# Task directions:
From the first line to the last, return the data exactly, with no pictures.

# Data extract:
..............................
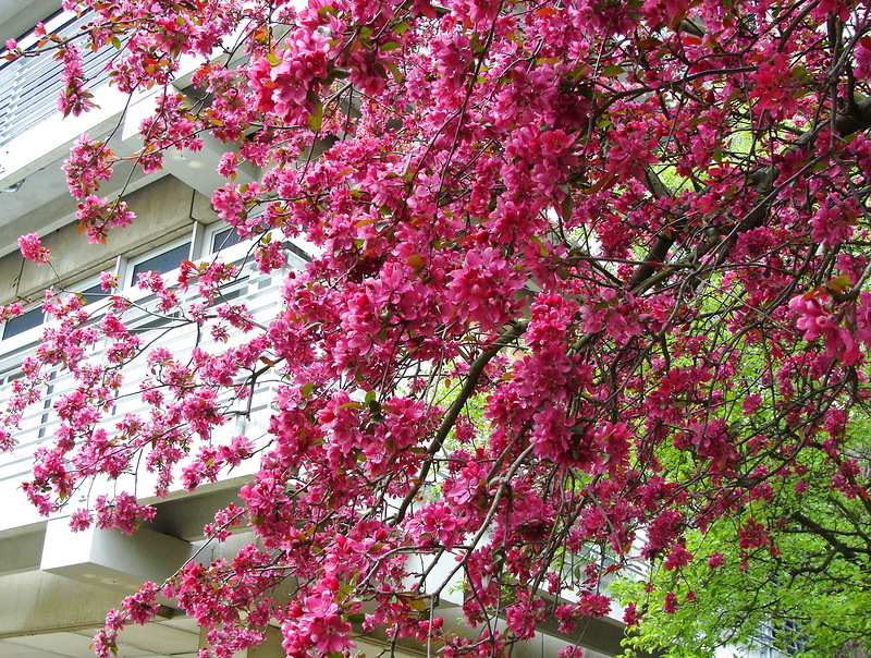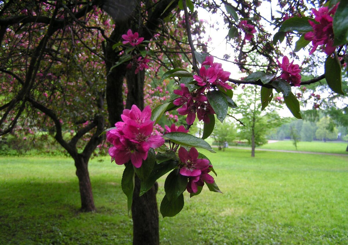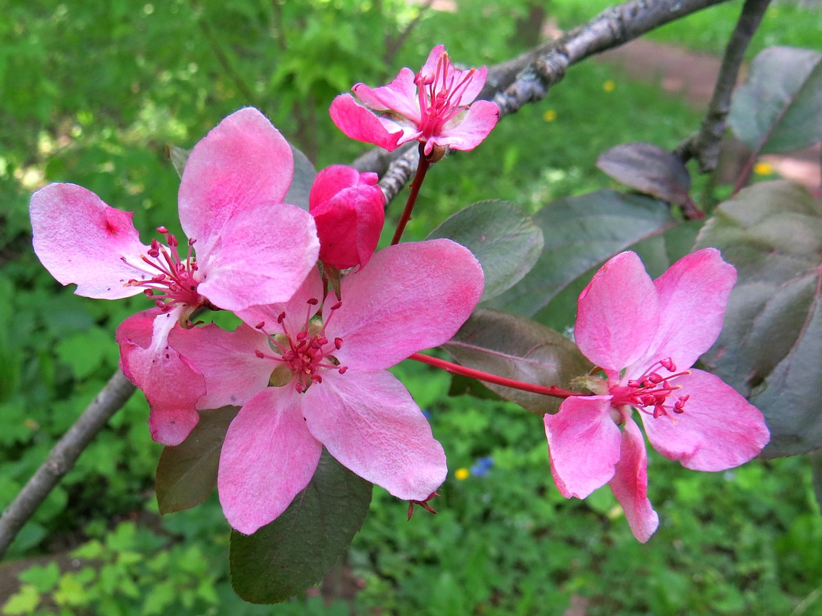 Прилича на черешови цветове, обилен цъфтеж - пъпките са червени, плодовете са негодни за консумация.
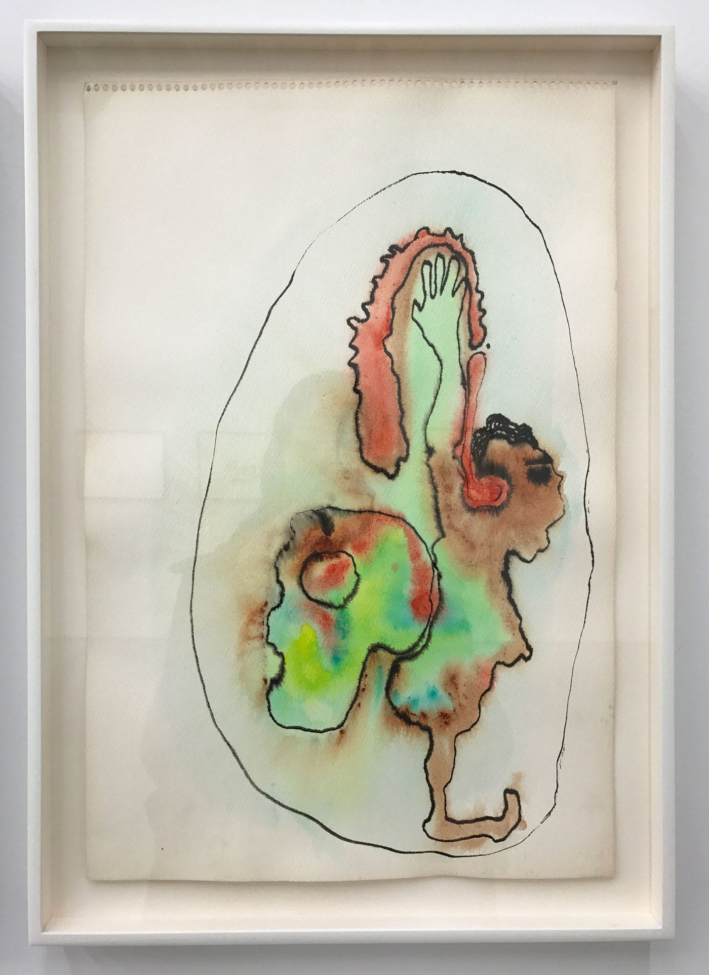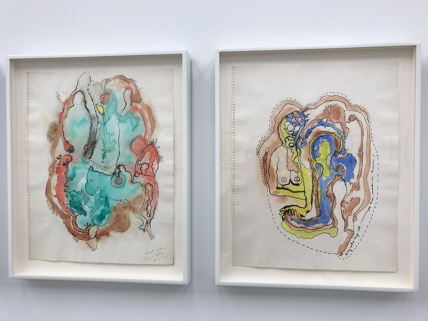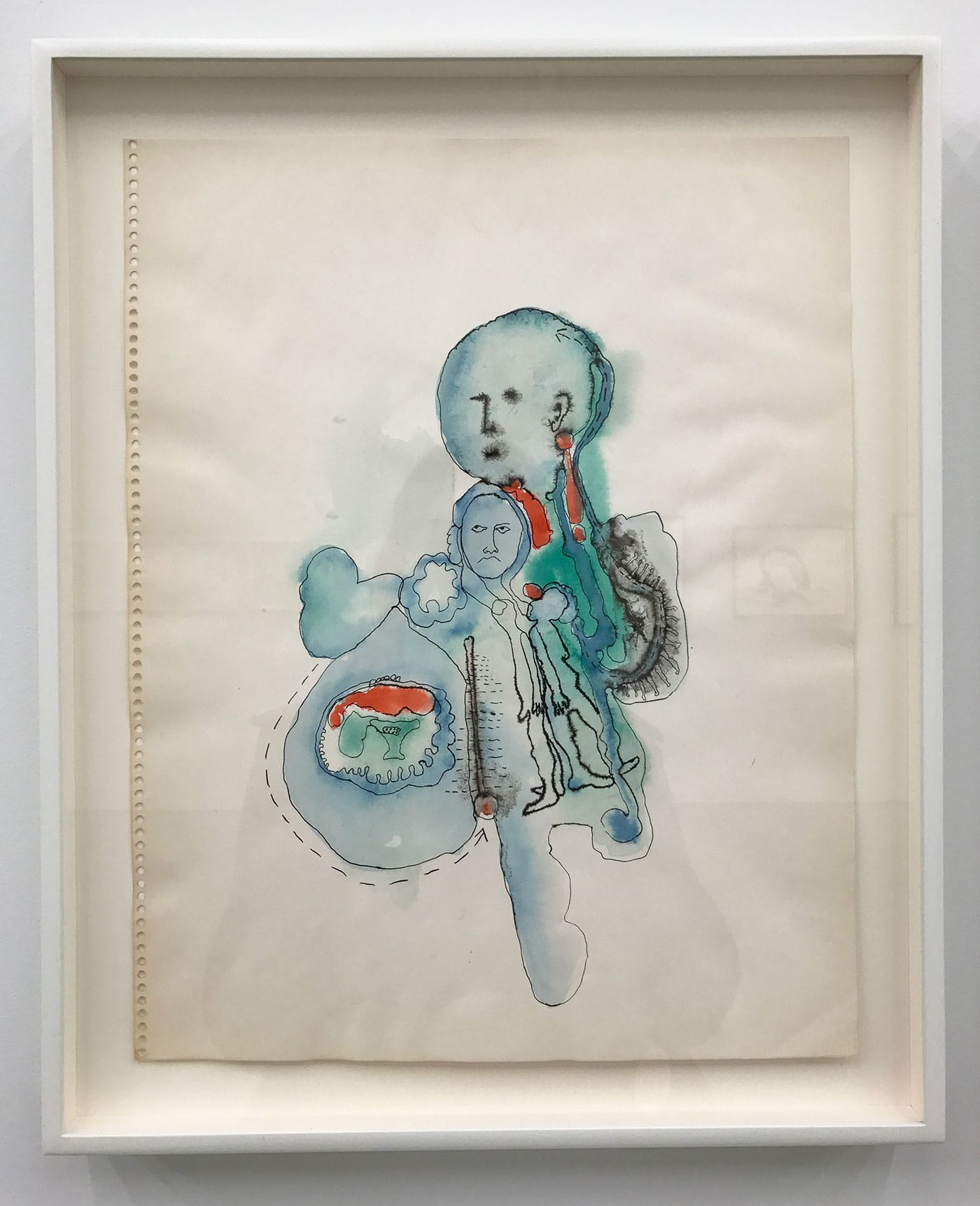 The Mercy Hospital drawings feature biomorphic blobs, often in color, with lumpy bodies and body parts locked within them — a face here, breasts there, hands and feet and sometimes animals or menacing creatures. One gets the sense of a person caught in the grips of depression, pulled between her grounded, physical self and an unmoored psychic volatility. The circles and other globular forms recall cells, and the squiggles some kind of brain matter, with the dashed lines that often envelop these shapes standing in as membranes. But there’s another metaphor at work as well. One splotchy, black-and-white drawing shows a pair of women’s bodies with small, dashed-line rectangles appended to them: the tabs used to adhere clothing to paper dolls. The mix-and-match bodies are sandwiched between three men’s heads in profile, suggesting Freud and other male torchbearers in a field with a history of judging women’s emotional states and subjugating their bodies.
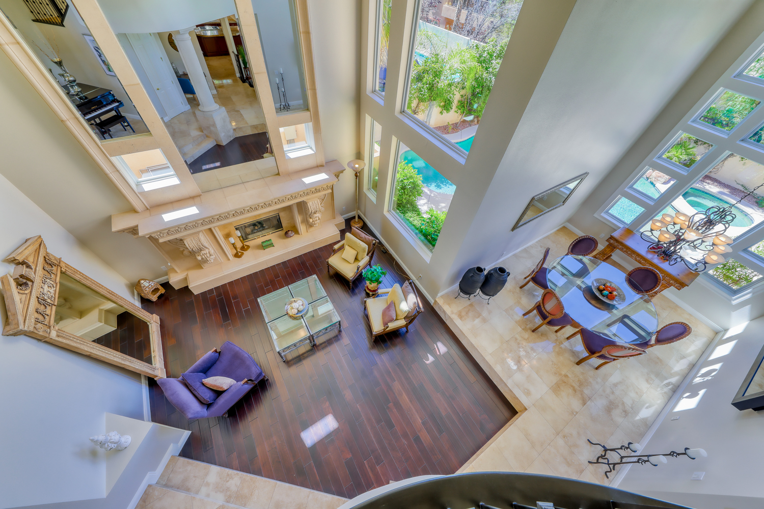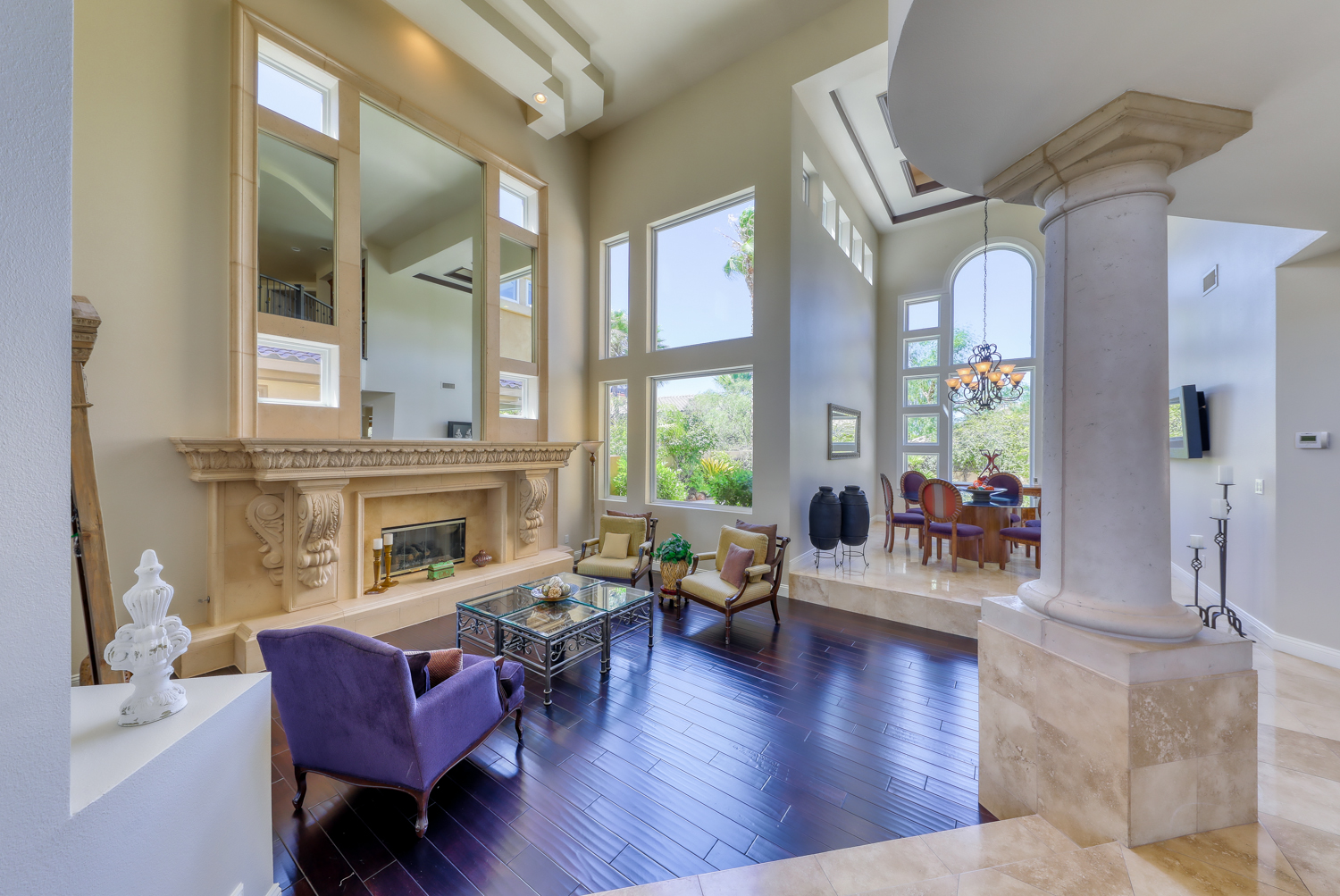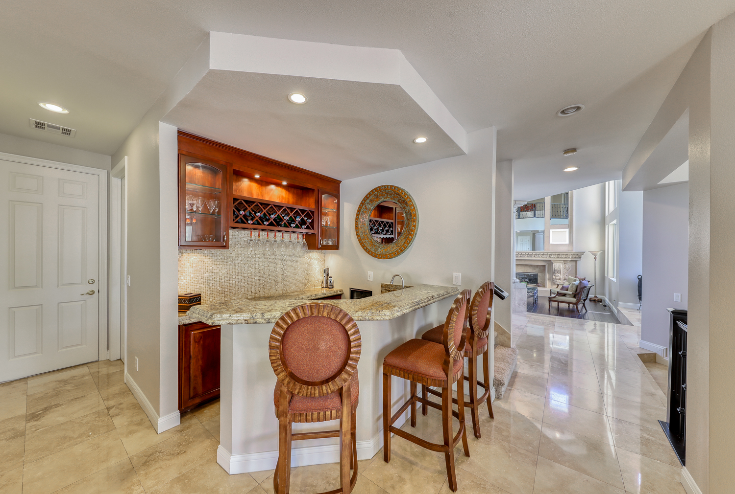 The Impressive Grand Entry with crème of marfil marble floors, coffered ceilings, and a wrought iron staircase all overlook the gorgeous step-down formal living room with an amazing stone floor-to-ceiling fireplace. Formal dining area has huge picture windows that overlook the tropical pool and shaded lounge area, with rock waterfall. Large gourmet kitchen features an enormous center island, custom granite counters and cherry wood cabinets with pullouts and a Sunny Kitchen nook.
..............................
# Answer to this exercise:
 Прилича на черешови цветове, обилен цъфтеж - пъпките са червени, плодовете са негодни за консумация.
 The Mercy Hospital drawings feature biomorphic blobs, often in color, with lumpy bodies and body parts locked within them — a face here, breasts there, hands and feet and sometimes animals or menacing creatures. One gets the sense of a person caught in the grips of depression, pulled between her grounded, physical self and an unmoored psychic volatility. The circles and other globular forms recall cells, and the squiggles some kind of brain matter, with the dashed lines that often envelop these shapes standing in as membranes. But there’s another metaphor at work as well. One splotchy, black-and-white drawing shows a pair of women’s bodies with small, dashed-line rectangles appended to them: the tabs used to adhere clothing to paper dolls. The mix-and-match bodies are sandwiched between three men’s heads in profile, suggesting Freud and other male torchbearers in a field with a history of judging women’s emotional states and subjugating their bodies.
 The Impressive Grand Entry with crème of marfil marble floors, coffered ceilings, and a wrought iron staircase all overlook the gorgeous step-down formal living room with an amazing stone floor-to-ceiling fireplace. Formal dining area has huge picture windows that overlook the tropical pool and shaded lounge area, with rock waterfall. Large gourmet kitchen features an enormous center island, custom granite counters and cherry wood cabinets with pullouts and a Sunny Kitchen nook.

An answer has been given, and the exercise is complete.